Police said they were investigating the death, which brought thousands of locals out on the streets of Srinagar’s Soura district chanting slogans.

An AFP photographer said police fired several warning shots in the air to disperse the protesters who were carrying the corpse.

Later some of the protesters, chanting “blood for blood” and “Go India, go back”, set fire to a police vehicle and a private vehicle parked near a police station, witnesses said.

Police fired teargas and swung batons to disperse the protesters and in the ensuing clashes 12 demonstrators were hurt, police said.

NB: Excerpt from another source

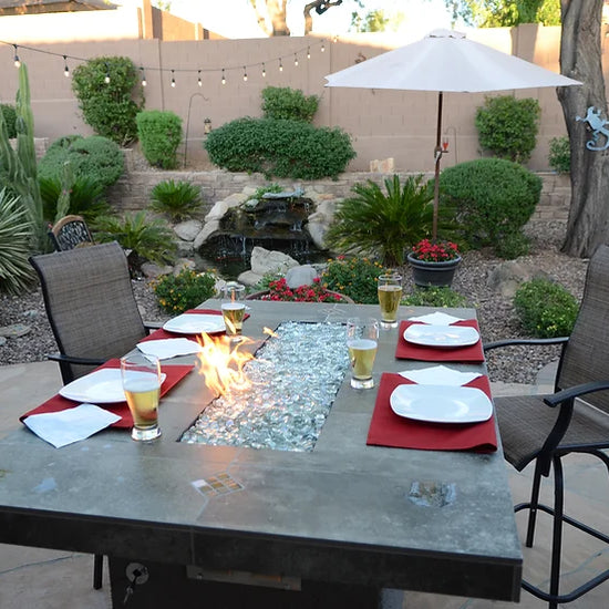 Entertainer Bar Gas Fire Pit Table with fire glass

The scenic Kashmir region has been under rolling curfews to contain deadly protests that began with the killing on June 11 of a teenage student in Srinagar by a police tear-gas shell.

Most parts of Srinagar were under strict curfew on Wednesday after Muslim separatists opposed to Indian rule in the region called on residents to hold protests.

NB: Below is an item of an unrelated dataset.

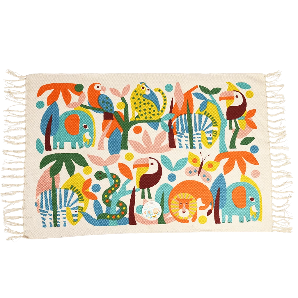 Make a statement at home with this bright rug, ideal for the bedroom of any young animal fan! This lightweight rug is made from 100% cotton and features a bright pattern of wild animals from our Wild Wonders collection.

In other Muslim-majority towns where the curfew was not in force, a strike called by separatists to at protests the deaths brought daily life to a standstill, witnesses said.

In Pampore town, 15 kilometres (nine miles), south of Srinagar, a young protester was wounded on Wednesday when security forces opened fire to quell a demonstration, police said.

Anti-India sentiments run deep in Kashmir, where Muslim militants have fought a 20-year insurgency in Indian Kashmir against rule from New Delhi.

The mountainous region, held in part by Pakistan and India but claimed in full by both, has been the cause of two of the three wars the countries have fought since independence from Britain more than half a century ago.